The output is a word-for-word repeat of the listing below, free of images.

THE DATA:
____
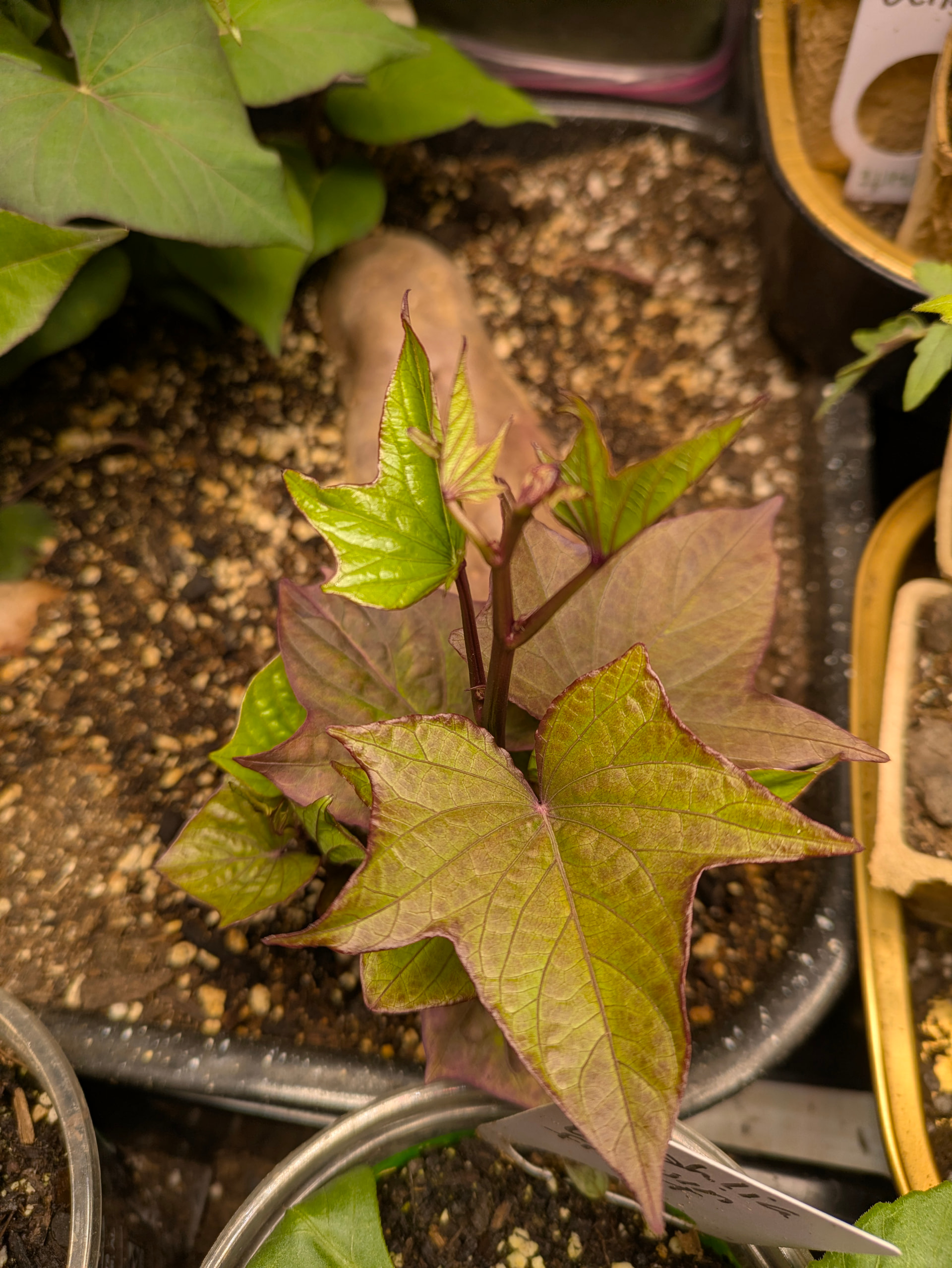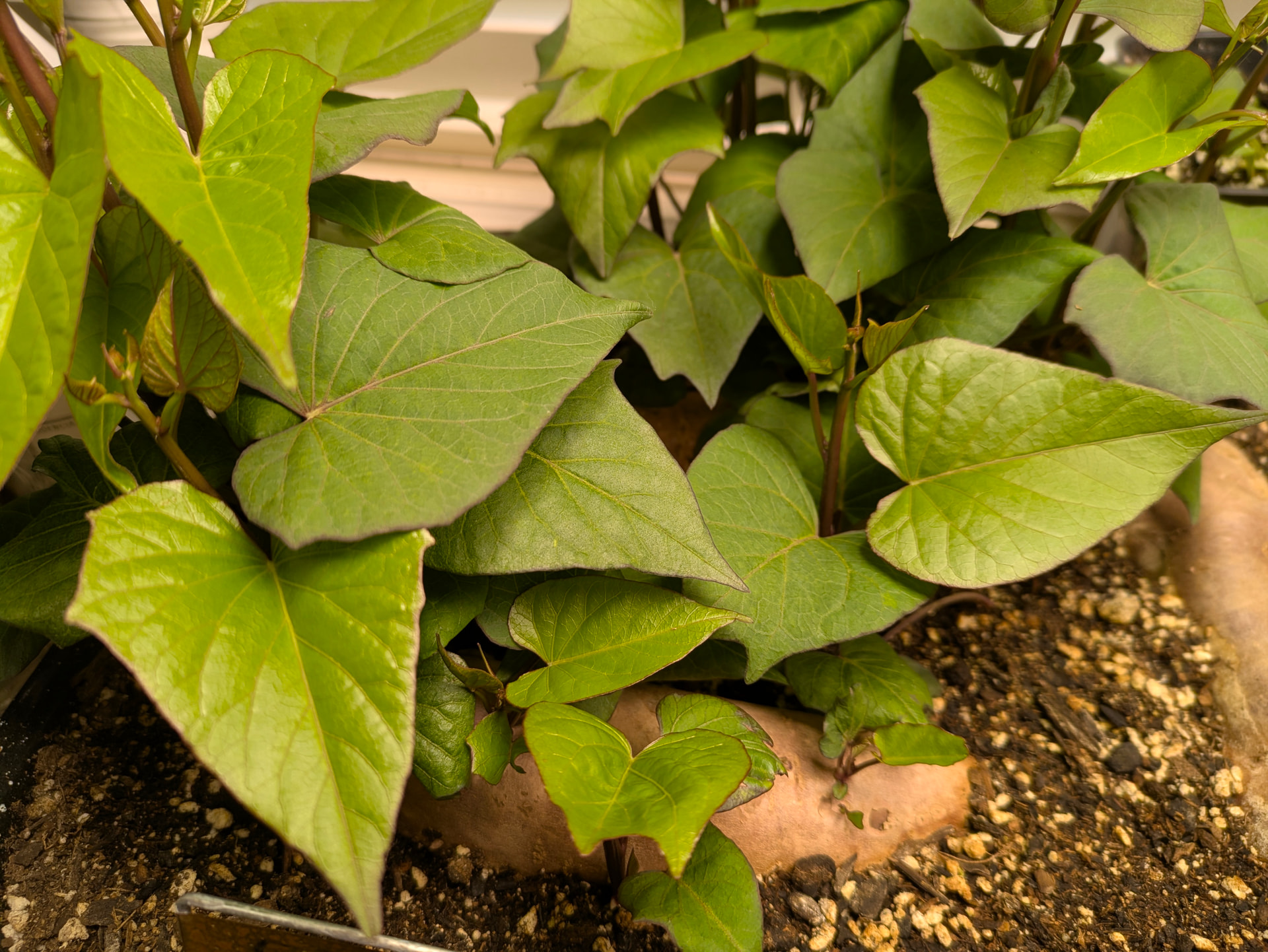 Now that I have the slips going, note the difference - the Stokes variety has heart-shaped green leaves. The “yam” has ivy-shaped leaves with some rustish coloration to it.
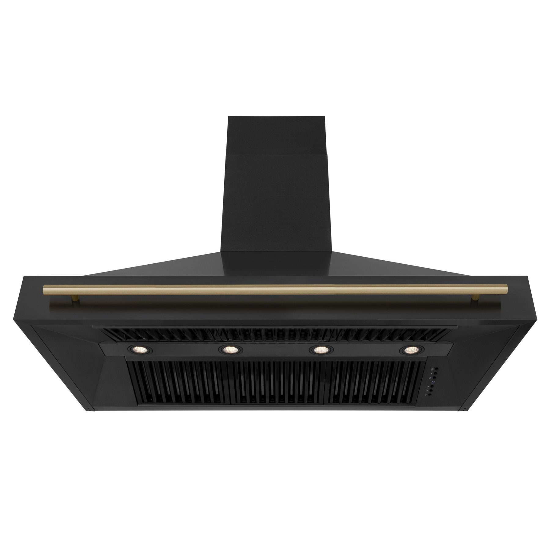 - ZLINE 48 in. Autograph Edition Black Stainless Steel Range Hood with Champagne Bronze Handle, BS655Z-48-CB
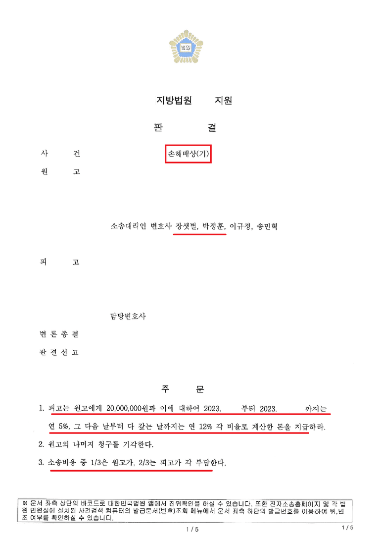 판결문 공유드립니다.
____
OUTPUT OF THE TASK:
 Now that I have the slips going, note the difference - the Stokes variety has heart-shaped green leaves. The “yam” has ivy-shaped leaves with some rustish coloration to it.
 - ZLINE 48 in. Autograph Edition Black Stainless Steel Range Hood with Champagne Bronze Handle, BS655Z-48-CB
 판결문 공유드립니다.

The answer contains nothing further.